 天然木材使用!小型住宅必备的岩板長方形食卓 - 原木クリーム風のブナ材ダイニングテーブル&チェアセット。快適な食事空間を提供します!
...
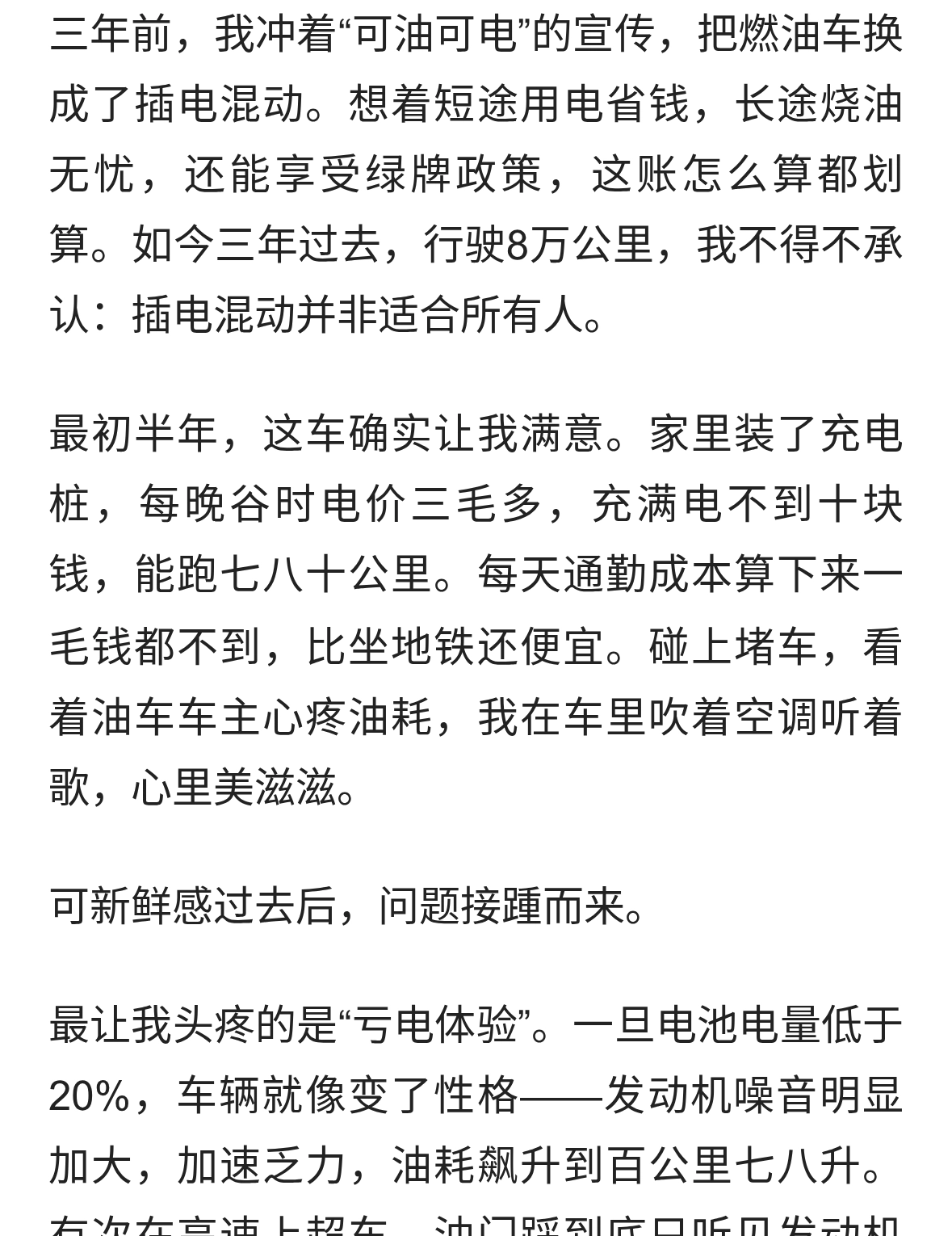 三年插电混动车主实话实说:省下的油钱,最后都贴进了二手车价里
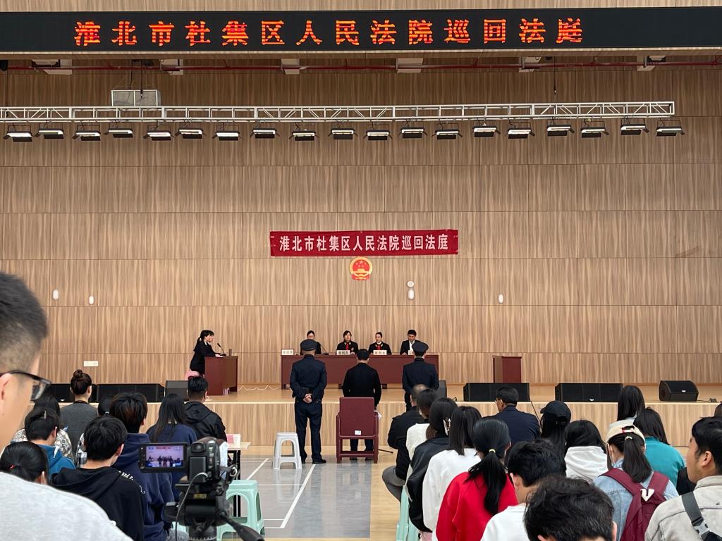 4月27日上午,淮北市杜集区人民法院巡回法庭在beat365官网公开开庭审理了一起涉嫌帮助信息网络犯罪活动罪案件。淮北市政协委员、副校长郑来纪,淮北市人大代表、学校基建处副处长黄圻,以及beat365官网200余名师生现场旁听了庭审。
--
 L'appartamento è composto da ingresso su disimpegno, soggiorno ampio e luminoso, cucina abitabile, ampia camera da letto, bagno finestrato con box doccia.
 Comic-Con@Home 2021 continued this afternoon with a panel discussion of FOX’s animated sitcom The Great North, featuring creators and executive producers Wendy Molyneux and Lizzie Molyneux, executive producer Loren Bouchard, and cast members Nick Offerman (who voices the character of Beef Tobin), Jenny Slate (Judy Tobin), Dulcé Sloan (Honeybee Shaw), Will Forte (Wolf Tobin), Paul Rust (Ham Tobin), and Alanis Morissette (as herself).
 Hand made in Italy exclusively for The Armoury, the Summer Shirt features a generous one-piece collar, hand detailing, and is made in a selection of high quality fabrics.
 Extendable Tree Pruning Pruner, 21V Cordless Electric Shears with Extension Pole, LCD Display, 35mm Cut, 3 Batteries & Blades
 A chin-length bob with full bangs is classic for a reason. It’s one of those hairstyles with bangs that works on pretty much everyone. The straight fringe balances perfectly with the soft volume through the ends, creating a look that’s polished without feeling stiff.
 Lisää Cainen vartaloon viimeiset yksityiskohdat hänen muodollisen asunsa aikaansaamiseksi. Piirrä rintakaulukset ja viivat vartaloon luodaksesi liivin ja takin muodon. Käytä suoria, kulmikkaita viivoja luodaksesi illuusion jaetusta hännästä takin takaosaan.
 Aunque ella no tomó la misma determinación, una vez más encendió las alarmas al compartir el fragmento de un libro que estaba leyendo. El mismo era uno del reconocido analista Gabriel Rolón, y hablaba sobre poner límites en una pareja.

[Exercise description]
Copy the lines above exactly. Start with the line containing "Extendable Tree Pruning", end with the line containing "Aunque ella no", and include both.

[Task result]
 Extendable Tree Pruning Pruner, 21V Cordless Electric Shears with Extension Pole, LCD Display, 35mm Cut, 3 Batteries & Blades
 A chin-length bob with full bangs is classic for a reason. It’s one of those hairstyles with bangs that works on pretty much everyone. The straight fringe balances perfectly with the soft volume through the ends, creating a look that’s polished without feeling stiff.
 Lisää Cainen vartaloon viimeiset yksityiskohdat hänen muodollisen asunsa aikaansaamiseksi. Piirrä rintakaulukset ja viivat vartaloon luodaksesi liivin ja takin muodon. Käytä suoria, kulmikkaita viivoja luodaksesi illuusion jaetusta hännästä takin takaosaan.
 Aunque ella no tomó la misma determinación, una vez más encendió las alarmas al compartir el fragmento de un libro que estaba leyendo. El mismo era uno del reconocido analista Gabriel Rolón, y hablaba sobre poner límites en una pareja.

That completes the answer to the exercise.